Dans l’immense
hall de la nouvelle Gare du Nord, je marchais pensivement, lorsque je
reçus un assez violent coup de poing à l’épaule.
Cela doit être, me suis-je dit, un ami trop costaud qui m’interpelle
à sa manière. Tournant la tête vers l’auteur
du coup, il ne me rappelait personne et n’avait pas l’air
non plus de me reconnaître. C’était une jeune femme
qui ne demandait rien, sauf peut-être que l’on fasse attention
à elle. J’étais surpris, ne comprenant pas bien ce
qu’il s’était passé, me demandant si je ne l’avais
pas trop « approchée » par mégarde, perdu
dans mes pensées. Nos regards se croisèrent. Le sien était
à la fois agressif et pitoyable, comme si cette femme n’avait
pas d’autre moyen pour se faire regarder que de frapper.
Comme j’étais en avance à mon rendez-vous,
je m’arrêtai cinquante mètres plus loin et me retournai
pour mieux comprendre.

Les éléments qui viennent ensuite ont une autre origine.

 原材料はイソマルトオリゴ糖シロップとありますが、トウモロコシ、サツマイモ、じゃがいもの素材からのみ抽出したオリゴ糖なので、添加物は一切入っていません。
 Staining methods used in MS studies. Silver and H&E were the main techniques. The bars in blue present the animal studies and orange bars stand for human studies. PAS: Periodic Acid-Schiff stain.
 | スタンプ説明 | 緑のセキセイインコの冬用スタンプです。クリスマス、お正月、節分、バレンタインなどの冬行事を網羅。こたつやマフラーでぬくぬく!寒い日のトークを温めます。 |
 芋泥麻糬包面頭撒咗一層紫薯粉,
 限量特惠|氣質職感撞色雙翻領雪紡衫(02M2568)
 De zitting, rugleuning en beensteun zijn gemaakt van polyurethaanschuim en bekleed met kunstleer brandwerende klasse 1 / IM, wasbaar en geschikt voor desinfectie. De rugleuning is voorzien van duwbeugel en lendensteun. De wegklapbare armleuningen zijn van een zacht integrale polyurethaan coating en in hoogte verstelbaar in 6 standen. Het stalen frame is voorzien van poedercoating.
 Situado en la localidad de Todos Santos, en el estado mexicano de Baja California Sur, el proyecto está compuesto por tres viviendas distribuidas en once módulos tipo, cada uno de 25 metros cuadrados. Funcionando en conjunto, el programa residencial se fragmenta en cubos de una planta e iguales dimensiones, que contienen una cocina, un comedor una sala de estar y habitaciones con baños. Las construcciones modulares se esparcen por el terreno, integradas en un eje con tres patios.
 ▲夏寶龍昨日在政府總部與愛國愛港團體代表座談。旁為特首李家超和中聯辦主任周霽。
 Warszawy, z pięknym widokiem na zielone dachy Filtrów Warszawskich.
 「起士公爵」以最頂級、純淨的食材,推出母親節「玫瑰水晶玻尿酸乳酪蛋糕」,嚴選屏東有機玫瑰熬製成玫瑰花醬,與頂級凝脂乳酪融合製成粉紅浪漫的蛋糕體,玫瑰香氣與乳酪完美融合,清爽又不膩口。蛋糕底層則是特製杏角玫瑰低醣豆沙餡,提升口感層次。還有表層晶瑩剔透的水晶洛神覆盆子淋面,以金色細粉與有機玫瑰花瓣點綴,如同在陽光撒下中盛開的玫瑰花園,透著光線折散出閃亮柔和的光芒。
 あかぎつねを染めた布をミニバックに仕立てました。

Elle envoyait un coup de poing à tous
les hommes passant près d’elle. Ils n’avaient pas l’air
surpris. Certains regardaient furtivement la femme, puis passaient leur
chemin. D’autres ne se retournaient même pas, comme s’ils
recevaient ce coup salutaire tous les matins, pour se réveiller
de la somnolence du voyage. Une des jeunes victimes passa ensuite près
de moi. Je l’interpellai, lui signifiant que j’avais subi
le même traitement et m’en étonnai. Il était
surpris de ma surprise, considérant que je n’étais
pas à la page, que je sortais de ma campagne : « Ces coups-là
sont courants de nos jours, il ne faut pas y prêter attention
», me fit-il comprendre.
Petite violence de tous les jours, sans conséquence,
sans gravité, juste pour casser l’isolement dans lequel
chacun se trouve enfermé. Une violence qui n’est même
plus de la violence. Autrefois, on se serrait la main. Aujourd’hui,
on s’embrasse ou l’on cogne. Langage du temps qui n’émeut
plus personne.
Et moi ? Aurais-je dû revenir sur mes pas ? Lui
parler ? Tendre l’autre joue ? Comme le lévite, sur la route
de Jérusalem à Jéricho, je passai à bonne
distance. Personne n’a été le prochain de cette femme.